== Raw data ==
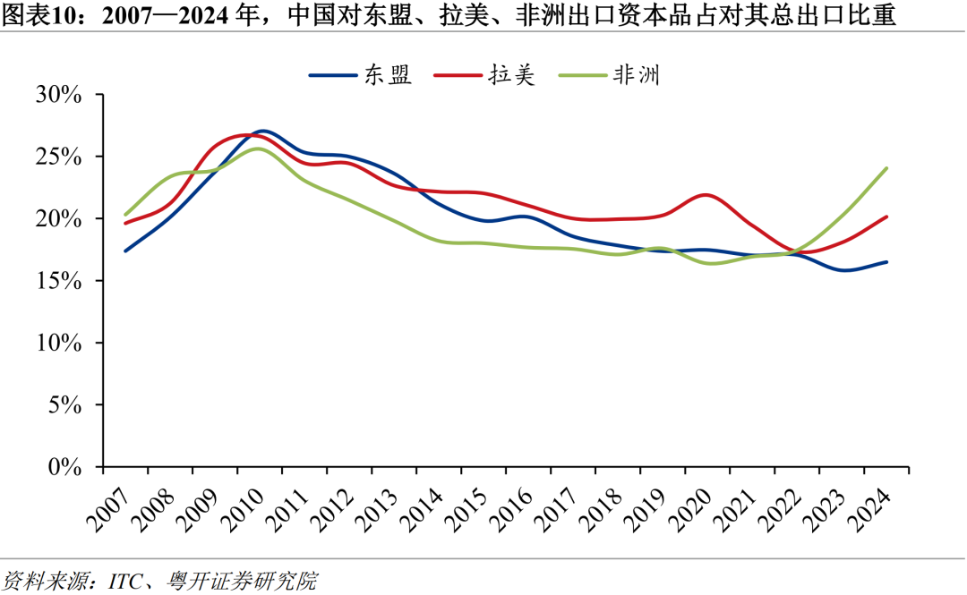 “出海”企業依賴從中國進口關鍵零部件和核心原材料,帶動中間品和資本品出口增長。部分中低端產業因成本上升及貿易摩擦等因素向成本更低的經濟體轉移。同時,爲開拓海外市場,中國企業選擇在當地投資建廠。然而,由於中國在關鍵零部件、機械設備及原材料領域具備技術與規模優勢,即使低端環節轉移,海外企業仍高度依賴中國的產業鏈上游,從而帶動中間品和資本品出口增長。2017—2024年,中國對東盟和拉美出口中間品年均增速分別高達11.6%和11.8%,佔對其出口的比重分別提升至54.6%和45.9%。其中,東盟憑藉與中國產業鏈的高度互補,成爲製造環節外溢的主要承接地。2024年,中國對東盟中間品出口佔對全球比重接近20%,居全球首位。
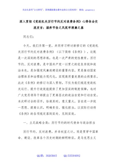 / 深入贯彻《党政机关厉行节约反对浪费条例》心得体会交流发言:涵养节俭之风筑牢清廉之基
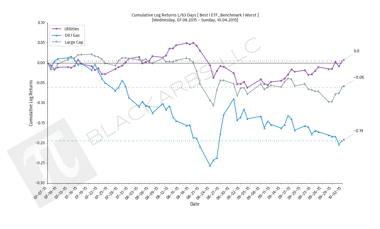 These charts visualize the cumulative return performance of the best and worst performing asset classes over the specified period. These best and worst asset classes are then compared to a benchmark ETF composite represented by the Large Cap category.
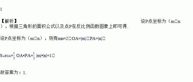 如图,在平面直角坐标系中, 为坐标原点,点是反比例函数图象上的一点, 轴于点,则的面积为___________.

== Problem description ==
Leave the images out and give the rest of the data again exactly.

== Answer for the task ==
 “出海”企業依賴從中國進口關鍵零部件和核心原材料,帶動中間品和資本品出口增長。部分中低端產業因成本上升及貿易摩擦等因素向成本更低的經濟體轉移。同時,爲開拓海外市場,中國企業選擇在當地投資建廠。然而,由於中國在關鍵零部件、機械設備及原材料領域具備技術與規模優勢,即使低端環節轉移,海外企業仍高度依賴中國的產業鏈上游,從而帶動中間品和資本品出口增長。2017—2024年,中國對東盟和拉美出口中間品年均增速分別高達11.6%和11.8%,佔對其出口的比重分別提升至54.6%和45.9%。其中,東盟憑藉與中國產業鏈的高度互補,成爲製造環節外溢的主要承接地。2024年,中國對東盟中間品出口佔對全球比重接近20%,居全球首位。
 / 深入贯彻《党政机关厉行节约反对浪费条例》心得体会交流发言:涵养节俭之风筑牢清廉之基
 These charts visualize the cumulative return performance of the best and worst performing asset classes over the specified period. These best and worst asset classes are then compared to a benchmark ETF composite represented by the Large Cap category.
 如图,在平面直角坐标系中, 为坐标原点,点是反比例函数图象上的一点, 轴于点,则的面积为___________.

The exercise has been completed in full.